Zeman: «Troppa confusione bisogna cambiare marcia»

La delusione del boemo: «Se continuiamo così, la situazione diventa allarmante» Pagliari gode: «Non abbiamo rubato nulla». L’ex Melchiorri: Adriatico da brividi
PESCARA . Zeman prova a spiegare l'ennesima gara all'Adriatico senza vittorie (quella esterna con il Pineto), poi il pari contro la Vis Pesaro e due ko di fila con Torres e Recanatese. «Non abbiamo fatto bene, non c'è stato gioco di squadra. Ho bisogno di difensori che difendono, centrocampisti che costruiscono e attaccanti che chiudono. Se gli attaccanti vanno sulla linea di fondo, c'è qualcosa di sbagliato. Servono dentro l'area di rigore per chiudere l'azione e fare gol».
Diverse le cose che non sono piaciute al boemo nella notte del secondo ko di fila casalingo: «La nostra passività, soprattutto: pensiamo che possiamo fare qualsiasi cosa sul campo e invece non si può. Nel primo tempo il centrocampo si è mosso male, solo Squizzato ha giocato, anche se lui non ha velocità di pensiero e di giocata. Eravamo spesso in ritardo e non si difendeva di squadra. Quando ti attaccano in cinque contro tre o quattro, paghi un caro prezzo. Va detto che il secondo e il terzo gol ce lo siamo fatti noi, ma grazie all'attività e all'atteggiamento dell'avversario».
Si può guarire con il lavoro? «Spero che si guarisca da questo momento, la squadra è giovane e inesperta, lo sapevamo fin dall'inizio. Ma è un gruppo di qualità. Nell'ultimo mese siamo stati in campo ogni giorno per 30 giorni, non abbiamo mai saltato un giorno con un riposo, e forse i miei pagano anche questo, sia mentalmente che fisicamente. Abbiamo perso il filo del nostro gioco. C’è tanta confusione, ci pesa in testa giocare tanto. È allarmante se continuiamo così. Dobbiamo avere la stessa intensità nelle due fasi. Il nostro centrocampo nel primo tempo, costruiva poco. Volevamo rifarci dalla sconfitta con la Torres, poi non è stato così. Cangiano può aver fatto gol su punizione ma mi serve che giochi di più. C’è un po’ di convinzione che siamo bravi ma adesso forse non lo siamo più dopo queste sconfitte». Come spiega i cambi all'intervallo? Solo scelta tecnica? «Tommasini l'ho tolto per cercare di dare più velocità davanti, mi mancava nel primo tempo. Tunjov non c'era né in fase offensiva che in fase difensiva con noi in campo questa sera. Tommasini? Ha fatto un bel gol, ma ha sbagliato anche qualcosa. Capita a tutti. Cercavo più velocità e più profondità. Cuppone lo ha fatto di più finora, che poi non riesca a prepararsi la palla pulita, questa è colpa sua».

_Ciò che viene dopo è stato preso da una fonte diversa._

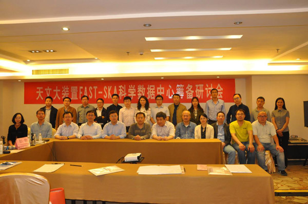 4月28日,贵州省科技厅在贵阳组织召开 “天文大装置FAST-SKA科学数据中心”筹备研讨会,就“天文大装置FAST-SKA科学数据中心”筹备工作中存在的重点难点问题,邀请全国有关领域的教授、科研人员进行研究讨论。贵州省科技厅厅长廖飞、副厅长雷文蓉出席并讲话,中科院FAST重点实验室主任、省科技厅副厅长彭勃主持会议,SKASDP中国联盟核心成员、国家天文台SKA/FAST数据处理核心成员及省内相关高校科研人员参加会议。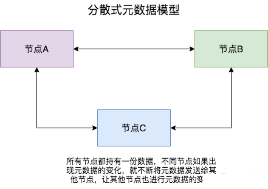| 分散式 | 数据更新压力分散,元数据的更新比较分散,不是集中某一个节点,更新请求比较分散,而且有不同节点处理,有一定的延时,降低了并发压力 | 数据更新延迟,可能导致集群的感知有一定的滞后 |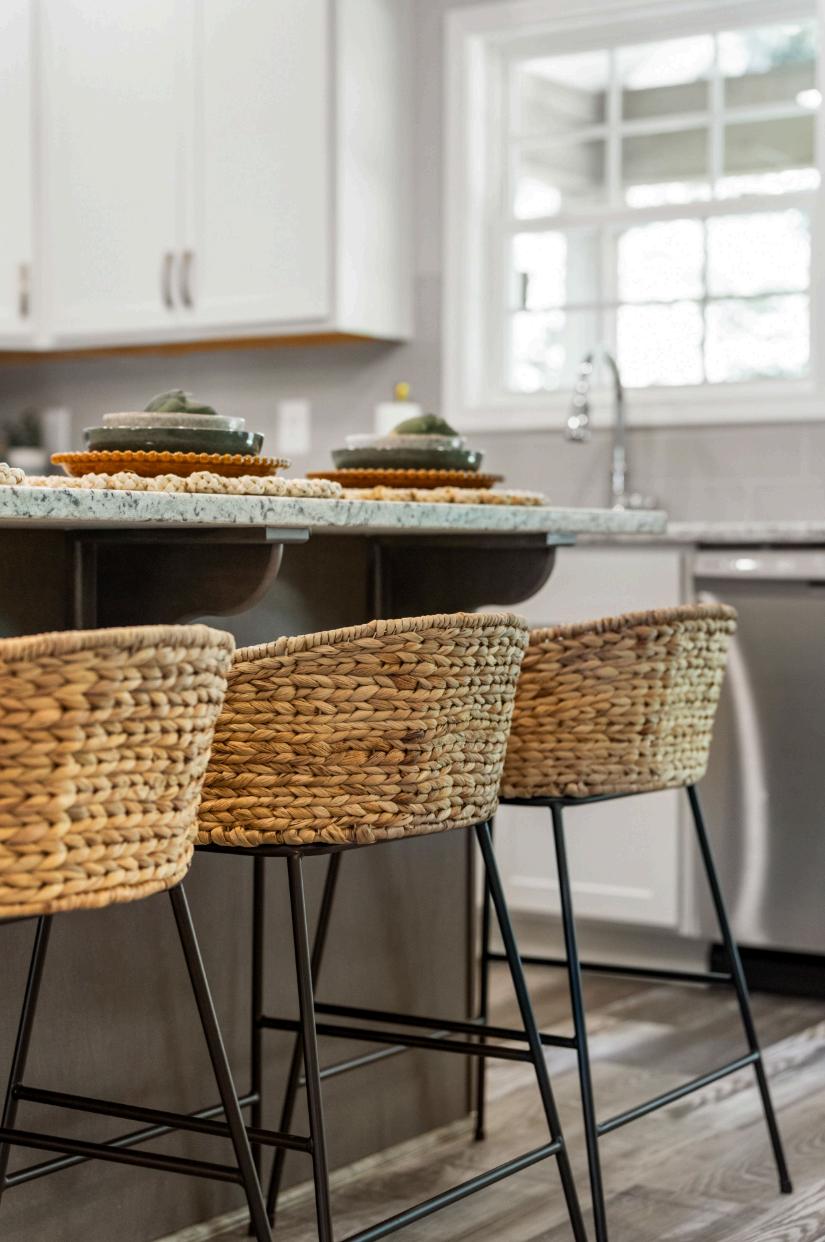 Showcase personality with these creative backsplash options to introduce a natural stone texture and a pop of color, creating a balanced backdrop.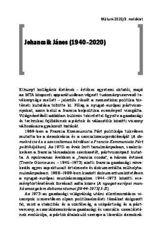 Benkes, Mihály (2020) Johancsik János (1940–2020). MÚLTUNK - POLITIKATÖRTÉNETI FOLYÓIRAT, 65 (3). pp. 3-4. ISSN 0864-960X (nyomtatott) | 2677-156X (online)
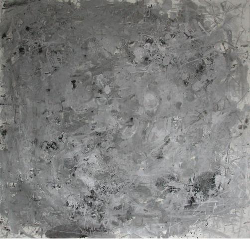 For several years prior, Mulhern’s work had been centered on a strict monochromatic palette of black, white and gray, often incorporating aluminum paint. He found a tremendous range in this stark spectrum, often referencing them as “color paintings” in spite of their lack of color. Highly influenced by the New York Abstract Expressionist movement in the 1960’s, Mulhern’s surfaces were heavily marked by pooling paint, drips and curves, paintings of tremendous vibrancy and depth and nuance. In the years immediately following September 11, Mulhern decamped to a temporary studio in Long Island City, where he began experimenting with paints from his Cedar Street studio – paints mixed and infused with the ash from the lost Trade Towers. In his words, the paintings became more “severe”, and Reeves agrees: “They have a power and force that distinguish them from prior works. Many have a roiling dynamism that one cannot help but equate with the events of that day”.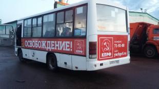 «КПРФ разместила на бортах маршрутных такси свою наружку. Их всего-то менее двух десятков. И, несмотря на это незначительное количество, все владельцы маршруток (хотя владельцы разные) отказались от размещения. Мотив – загадочный звонок им из мэрии. Кто звонил, они не говорят, но, судя по реакции, разговор был категоричным. Иначе как оценить то, что они согласились сами ночью обдирать свои машины с уже нанесенной и проплаченной наружкой, чтобы утром можно было машинам выйти на маршрут?»

Se Zeman fatica a trovare parole per spiegare l'involuzione dei suoi, dall'altra parte Giovanni Pagliari è raggiante dopo il colpo storico all'Adriatico: «Abbiamo creato sei, sette palle gol e preso una traversa. Ce la siamo giocata. I miei sono stati favolosi, limitando in fase difensiva gli avversari e creando molte palle gol. La mia squadra ha vinto meritatamente, nulla da dire». Il tecnico aggiunge: «Anche sul 2 a 2, in modo insperato, hanno creduto di poterla vincere e ci sono riusciti». Il grande ex Federico Melchiorri: «È stata una partita equilibrata, ma gli episodi determinano alla fine. Non ci siamo abbattuti quando ci hanno ripreso, non ci siamo chiusi e abbiamo provato a ripartire. Il risultato ci sta. L'Adriatico? Una grandissima emozione tornare".